▶ Work request:
In the material below, the lines between the one holding "Bëjeni vogëlushen tuaj" and the one holding "Ielgy Korean Version", inclusive, are to be set down word for word. Pictures stay out.

▶ Entries supplied:
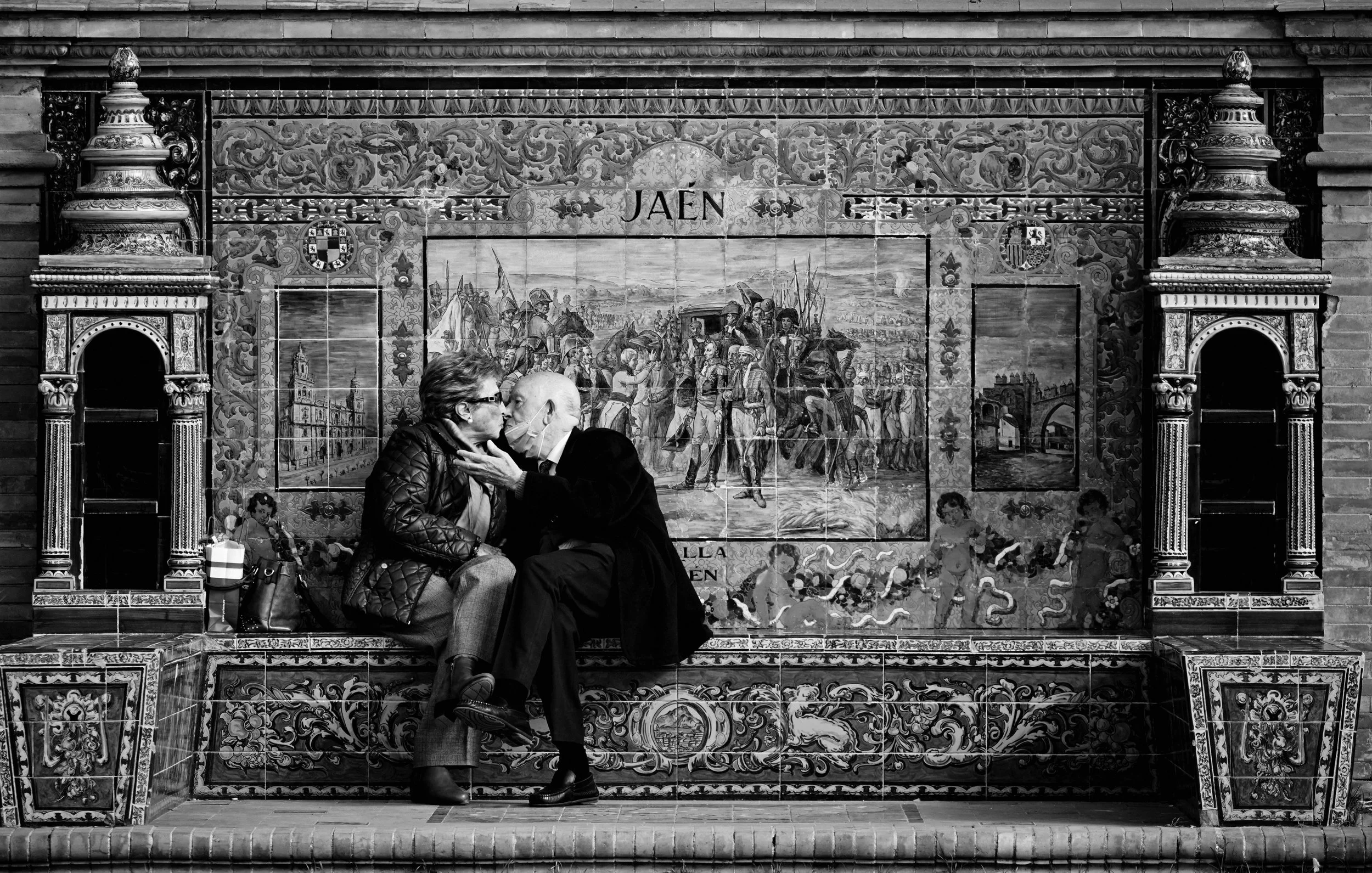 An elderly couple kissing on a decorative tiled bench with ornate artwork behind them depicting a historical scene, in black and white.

---

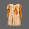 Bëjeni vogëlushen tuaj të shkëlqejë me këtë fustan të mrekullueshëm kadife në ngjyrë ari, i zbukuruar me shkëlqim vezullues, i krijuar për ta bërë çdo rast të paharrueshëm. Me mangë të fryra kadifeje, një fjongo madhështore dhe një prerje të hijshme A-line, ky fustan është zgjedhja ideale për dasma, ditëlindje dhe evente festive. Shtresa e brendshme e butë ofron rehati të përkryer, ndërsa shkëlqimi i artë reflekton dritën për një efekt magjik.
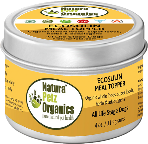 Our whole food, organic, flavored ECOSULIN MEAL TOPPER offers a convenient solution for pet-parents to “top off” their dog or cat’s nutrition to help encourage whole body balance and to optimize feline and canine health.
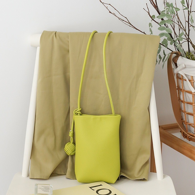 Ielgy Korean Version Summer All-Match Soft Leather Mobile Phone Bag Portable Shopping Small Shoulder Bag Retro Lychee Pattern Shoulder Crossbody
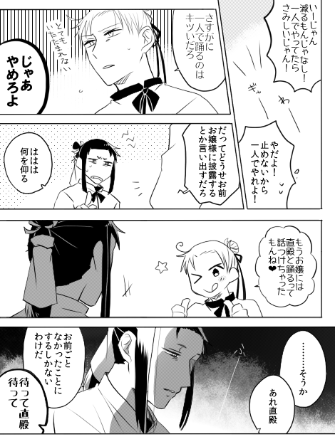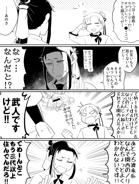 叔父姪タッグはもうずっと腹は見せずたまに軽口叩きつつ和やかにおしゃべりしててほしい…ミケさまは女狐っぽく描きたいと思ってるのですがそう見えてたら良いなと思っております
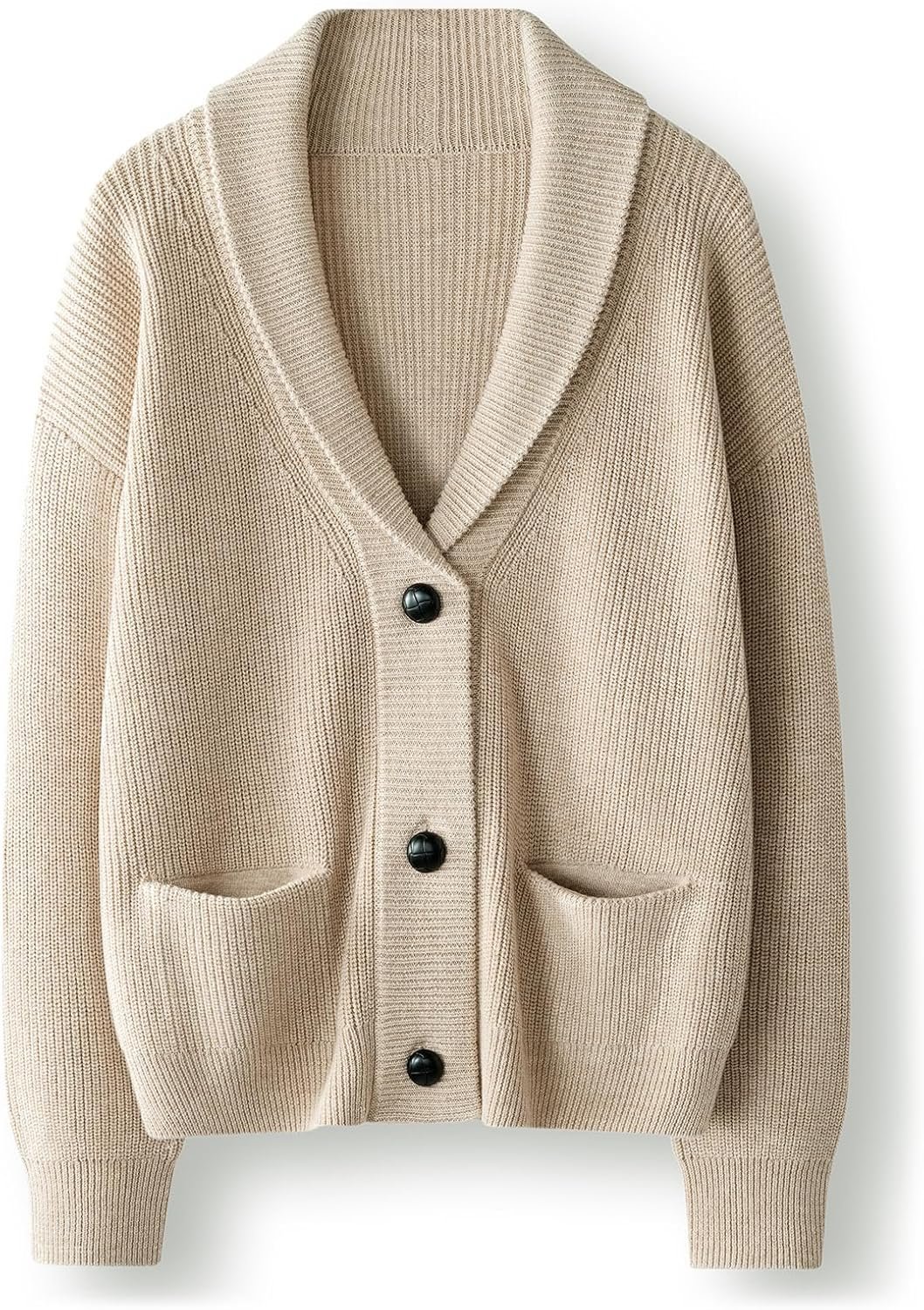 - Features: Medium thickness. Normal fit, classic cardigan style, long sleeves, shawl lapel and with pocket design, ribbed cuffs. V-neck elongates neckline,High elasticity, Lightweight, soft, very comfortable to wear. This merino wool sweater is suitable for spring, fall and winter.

...

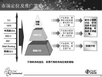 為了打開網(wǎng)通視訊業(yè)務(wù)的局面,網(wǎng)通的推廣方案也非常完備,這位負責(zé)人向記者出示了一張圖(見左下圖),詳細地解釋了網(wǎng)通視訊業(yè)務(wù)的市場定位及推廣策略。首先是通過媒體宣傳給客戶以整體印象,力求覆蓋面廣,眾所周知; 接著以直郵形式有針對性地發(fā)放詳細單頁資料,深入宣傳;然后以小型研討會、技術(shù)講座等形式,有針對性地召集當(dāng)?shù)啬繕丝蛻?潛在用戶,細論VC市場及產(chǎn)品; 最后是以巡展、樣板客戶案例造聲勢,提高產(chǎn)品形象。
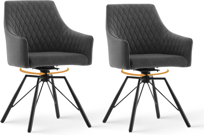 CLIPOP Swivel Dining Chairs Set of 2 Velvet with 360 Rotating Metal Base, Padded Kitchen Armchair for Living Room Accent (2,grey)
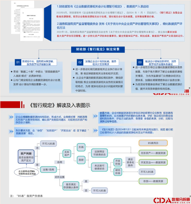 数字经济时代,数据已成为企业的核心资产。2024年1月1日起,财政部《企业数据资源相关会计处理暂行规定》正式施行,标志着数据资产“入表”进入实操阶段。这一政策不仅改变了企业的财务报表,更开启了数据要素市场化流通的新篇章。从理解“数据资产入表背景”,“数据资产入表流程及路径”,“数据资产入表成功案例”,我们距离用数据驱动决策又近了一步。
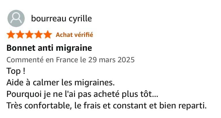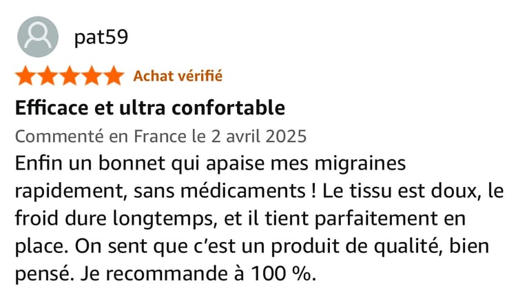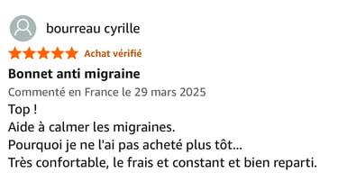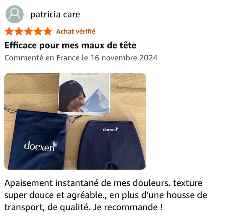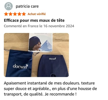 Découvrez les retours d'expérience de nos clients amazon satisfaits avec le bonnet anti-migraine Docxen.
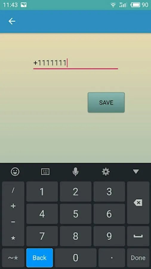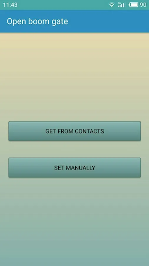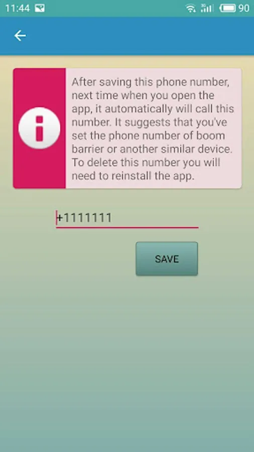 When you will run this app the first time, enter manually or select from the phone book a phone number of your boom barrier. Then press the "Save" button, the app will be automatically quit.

▶ Answer to the problem:
 Bëjeni vogëlushen tuaj të shkëlqejë me këtë fustan të mrekullueshëm kadife në ngjyrë ari, i zbukuruar me shkëlqim vezullues, i krijuar për ta bërë çdo rast të paharrueshëm. Me mangë të fryra kadifeje, një fjongo madhështore dhe një prerje të hijshme A-line, ky fustan është zgjedhja ideale për dasma, ditëlindje dhe evente festive. Shtresa e brendshme e butë ofron rehati të përkryer, ndërsa shkëlqimi i artë reflekton dritën për një efekt magjik.
 Our whole food, organic, flavored ECOSULIN MEAL TOPPER offers a convenient solution for pet-parents to “top off” their dog or cat’s nutrition to help encourage whole body balance and to optimize feline and canine health.
 Ielgy Korean Version Summer All-Match Soft Leather Mobile Phone Bag Portable Shopping Small Shoulder Bag Retro Lychee Pattern Shoulder Crossbody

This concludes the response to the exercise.